Living in cities makes a difference, I believe, and all the mutual aid groups in New York are philosophical cousins to free jazz. I’m sure there’s no data behind this, but I’m also sure that free jazz doesn’t have much appeal to resentful whites who vote Republican—free jazz is inherently antifascist—while it thrives in pockets in urban areas, large and small. Streaming on Criterion means those pockets will reach into every home where one of the movies is playing.
In terms of who is drawn to the music, there’s a brief and fascinating scene in the documentary Sun Ra: A Joyful Noise where Ra and the Arkestra are playing in a bar in Philadelphia, within arm’s reach of the patrons who are dressed up for a night out. The incongruity between the social scenes of the band and the bar disintegrates when you see how hard the audience is listening.
Ra was one of the absolute greats, showing the world how logical it is to mix Fletcher Henderson charts, songs from Disney films, doo-wop, and free improvisation. His whole social and political conception was about freedom from the racism of society, and those are on display in his science fiction movie, Space Is the Place. It’s an incredible movie, not necessarily, or always, good, but incredible. It mixes together blaxsploitation, Bergman’s The Seventh Seal, concert film, action, and more; there are professional actors and obvious amateurs; it is serious about its ideas but good humored, and is unlike anything you’ve ever seen. It’s a visual narrative drama of Ra’s music making.
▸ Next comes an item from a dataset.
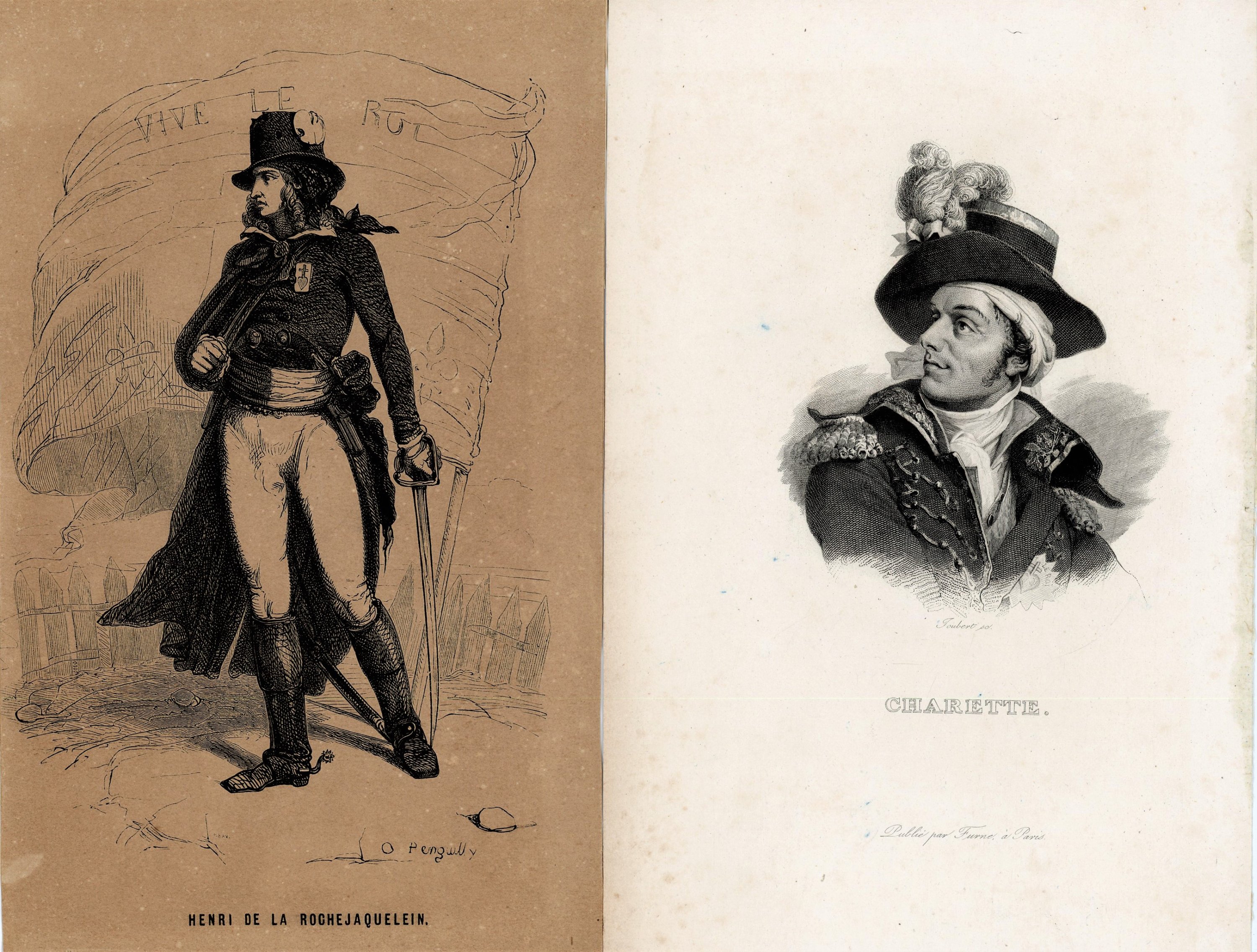 Joint: 2 gravures lithographiées des généraux vendéens François Athanase Charrette de la Contrie et d’Henri de la Rochejaquelein, 22 x 14 cm.

The lineup also includes exceptional documentaries likes Ornette: Made in America, Milford Graves Full Mantis, and the recent Fire Music. One of the real finds is another fiction movie, Les stances à Sophie, a 1971 French film that has a score by the Art Ensemble of Chicago. For that movie, that band cut the track “Thème De Yoyo,” with the great Fontella Bass singing, the AEC laying down the funk with the best of them and also blowing away the bar lines with explosive freedom.
What will this all mean to home viewers encountering this music for the first time? One thing is the cementing of the sophistication of these artists, their skills and thinking, even as the way they choose to be in society may be far from what the average person desires—there’s Sun Ra’s communal house, and there’s also the Art Ensemble, which had to stay at campgrounds and pitch tents during their first tour of Europe because they didn’t have the money for hotel rooms (not in the movie—many of the members of the AEC had been in the military, and trumpeter Lester Bowie recommended army training to aspiring free jazz musicians so that they would have the survival skills).
I expect that the great humanity of this music will come through, that it’s all about experiences of life, about thinking that the most beautiful thing is to express yourself sincerely and honestly, and to be thoughtful about what you want to say, and say the thing that will mean the most to the largest number of people. That’s not the predictability of a rhyme, or a song about yet another heartache and heartbreak. It’s about saying, “we’re all in this together,” and trusting that, even in the American of 2022, there’s still a good number of people who think that, rather than just ones who resentfully hate anyone different than them. There’s safety in those numbers. There’s safety, too, in freedom.